Transcribe the material verbatim, starting at its first line and stopping once the line containing "Brand New Longines" has been given; no picture should appear.

• Recorded information:
※ ※ ※

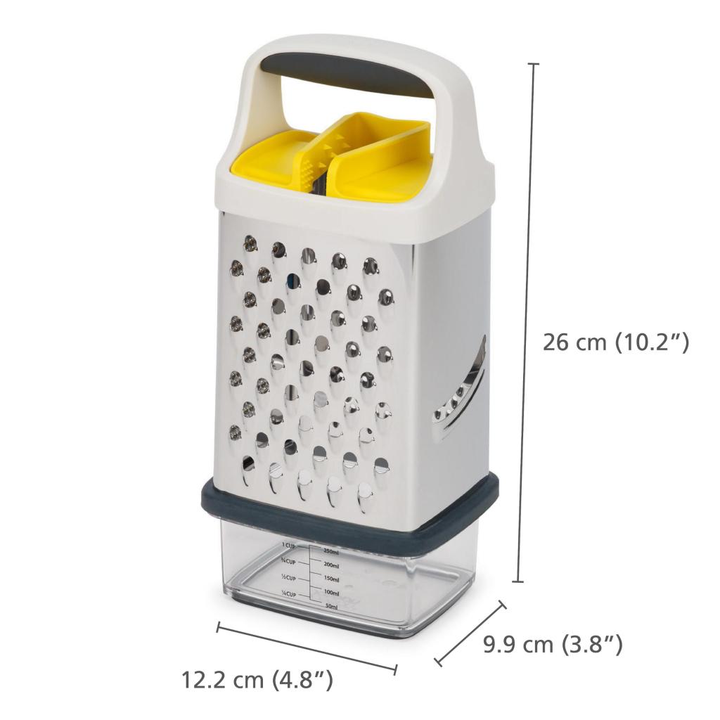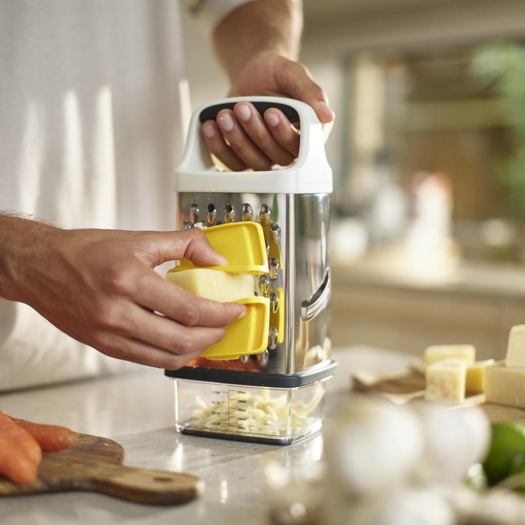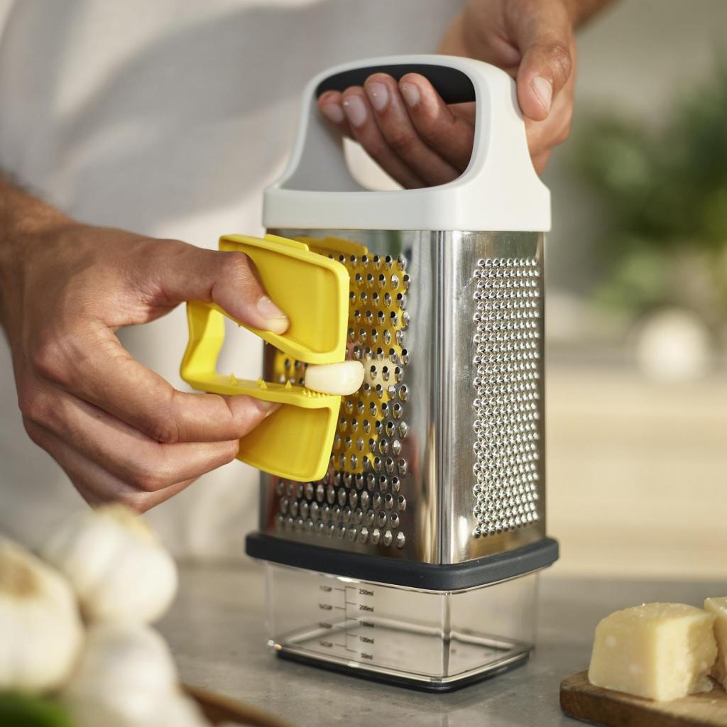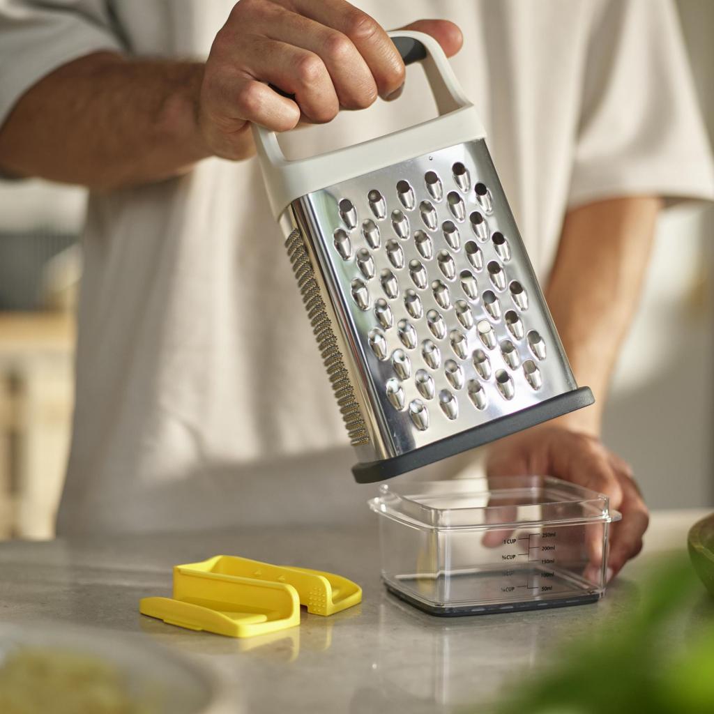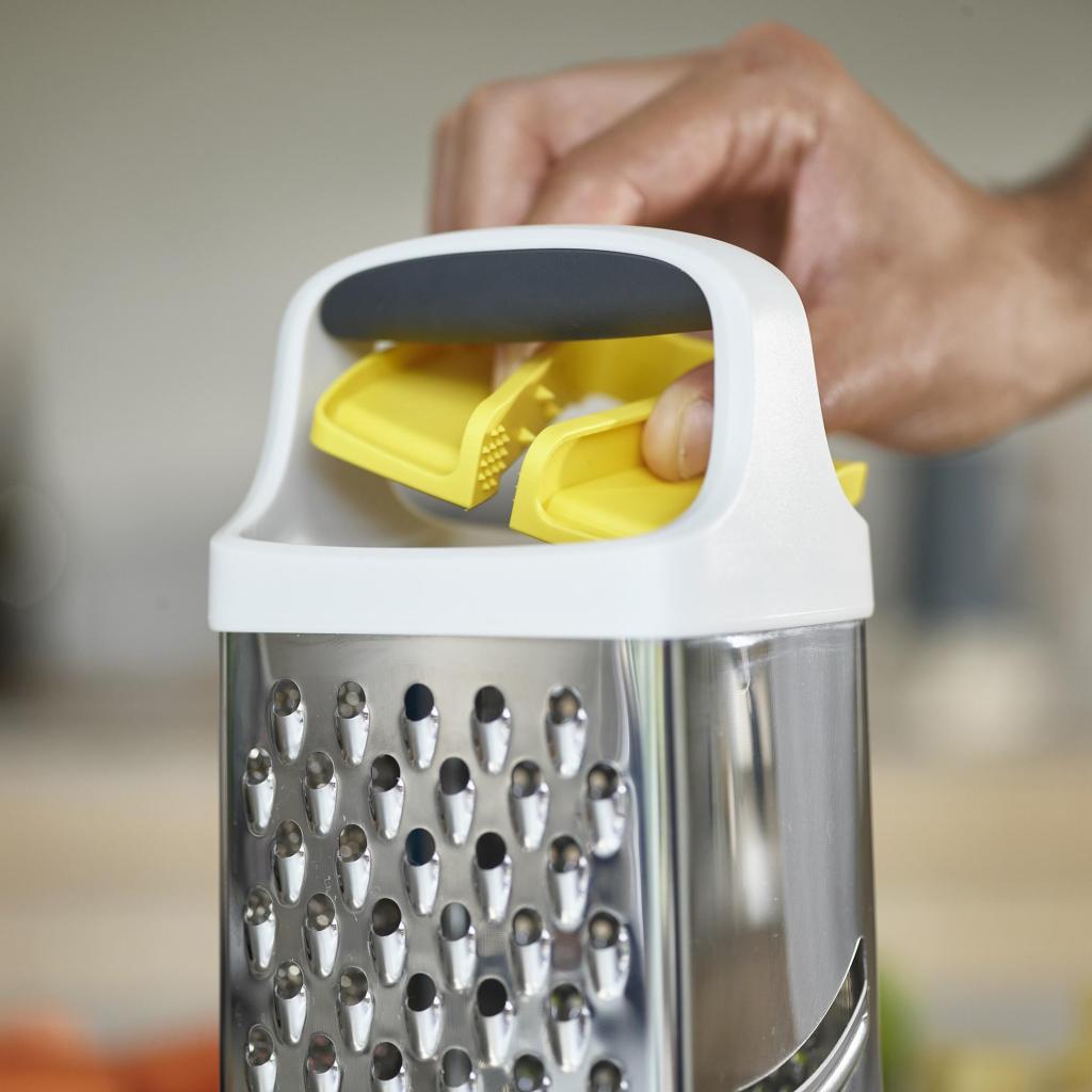 - Joseph Joseph MULTI-GRIP on käytännöllinen raastinrauta jokapäiväiseen ruoanlaittoon, joka yhdistää turvallisuuden, tarkkuuden ja harkitun muotoilun.
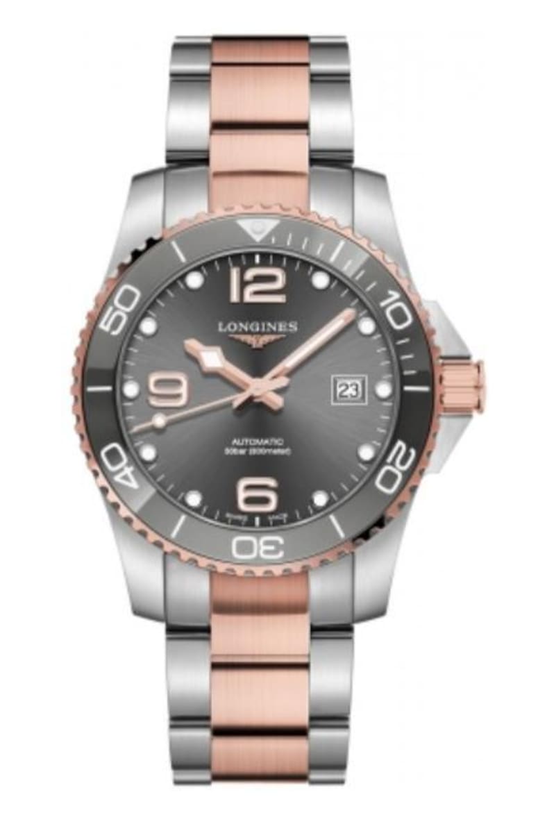 Brand New Longines HydroConquest Automatic Grey Dial Steel Men’s Watch Model L3.781.3.78.7. Rose Gold & Stainless Steel case with Two-Tone Rose Gold & Stainless Steel watch band. Uni-Directional Rotating bezel. Dial description: Rose Gold tone hands and Arabic Numeral/Dot hour markers with minute markers around the outer rim and the Date displayed at the 3 o’clock position on a Grey dial. Automatic movement. Powered by Longines Caliber L888 engine with 72 hours power reserve. Watch functions: Date, Power Reserve, Hour, Minute, Second. Screw In crown. Scratch Resistant Sapphire crystal. Round case shape. Case size: 41mm. Case thickness: 12mm. Solid case back. 300 Meters – 990 Feet water resistant. Also known as model: L37813787.
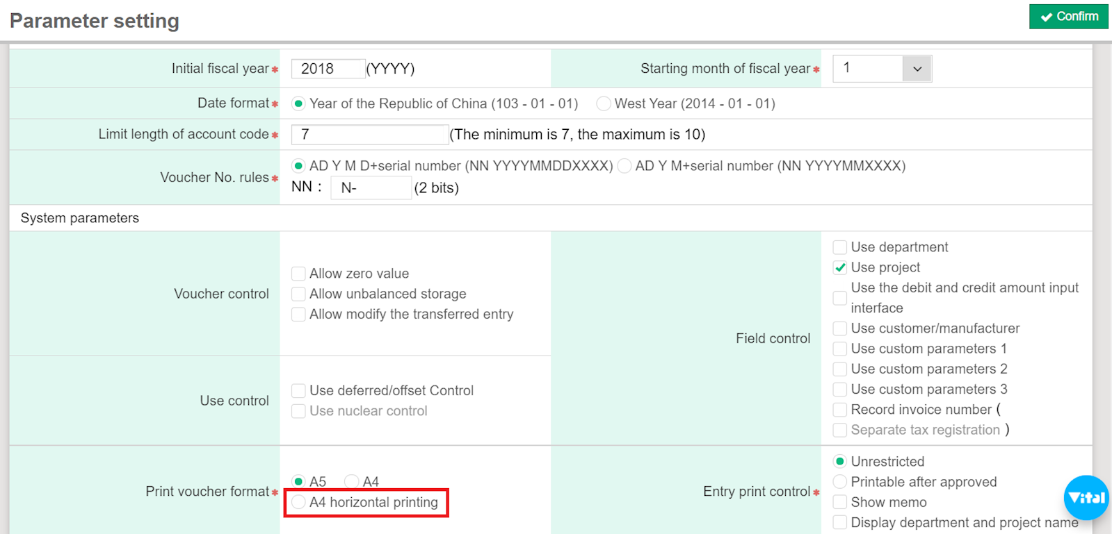 Go to [Maintenance] > [Parameter setting] > "Print voucher format" section to check "A4 horizontal printing."
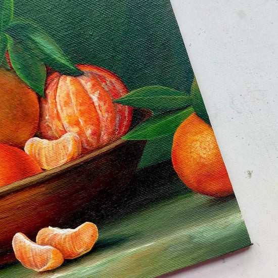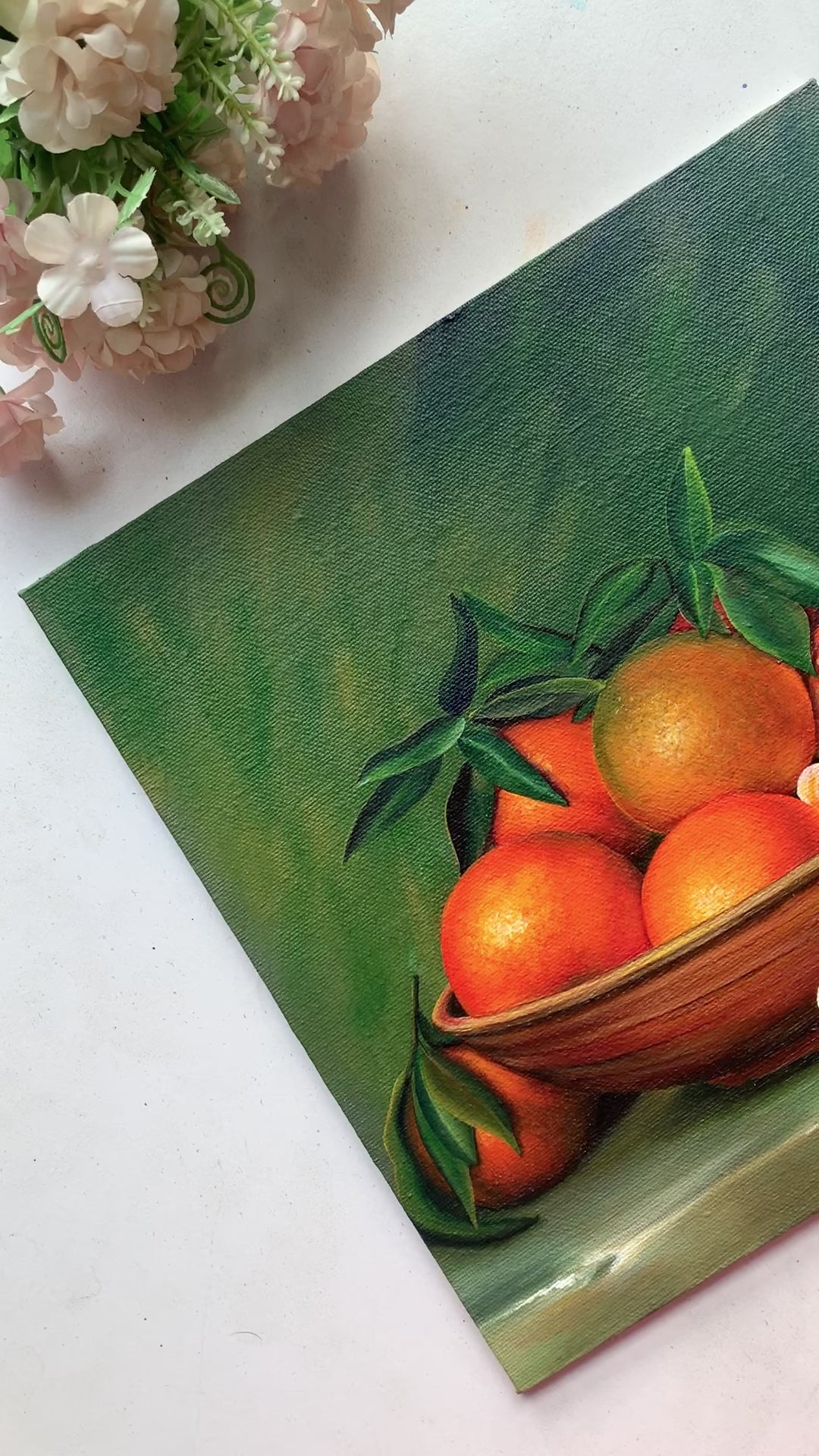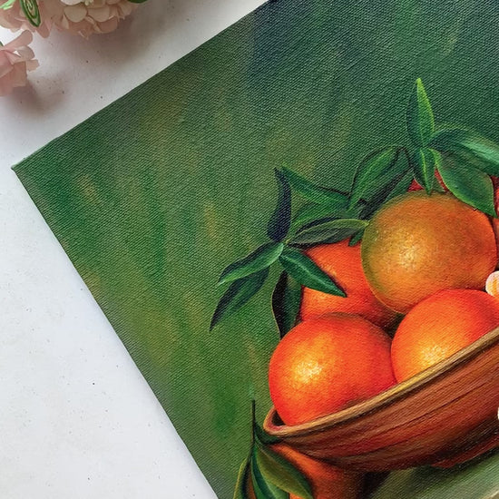 Original 100% hand-painted Bowl of Oranges Canvas Painting by PaintellectualPriya is perfect for your home, bedroom, living room, nursery room, office, wall art decor, or it can be a gift for your friend or art lovers.

※ ※ ※

• Expected output:
 - Joseph Joseph MULTI-GRIP on käytännöllinen raastinrauta jokapäiväiseen ruoanlaittoon, joka yhdistää turvallisuuden, tarkkuuden ja harkitun muotoilun.
 Brand New Longines HydroConquest Automatic Grey Dial Steel Men’s Watch Model L3.781.3.78.7. Rose Gold & Stainless Steel case with Two-Tone Rose Gold & Stainless Steel watch band. Uni-Directional Rotating bezel. Dial description: Rose Gold tone hands and Arabic Numeral/Dot hour markers with minute markers around the outer rim and the Date displayed at the 3 o’clock position on a Grey dial. Automatic movement. Powered by Longines Caliber L888 engine with 72 hours power reserve. Watch functions: Date, Power Reserve, Hour, Minute, Second. Screw In crown. Scratch Resistant Sapphire crystal. Round case shape. Case size: 41mm. Case thickness: 12mm. Solid case back. 300 Meters – 990 Feet water resistant. Also known as model: L37813787.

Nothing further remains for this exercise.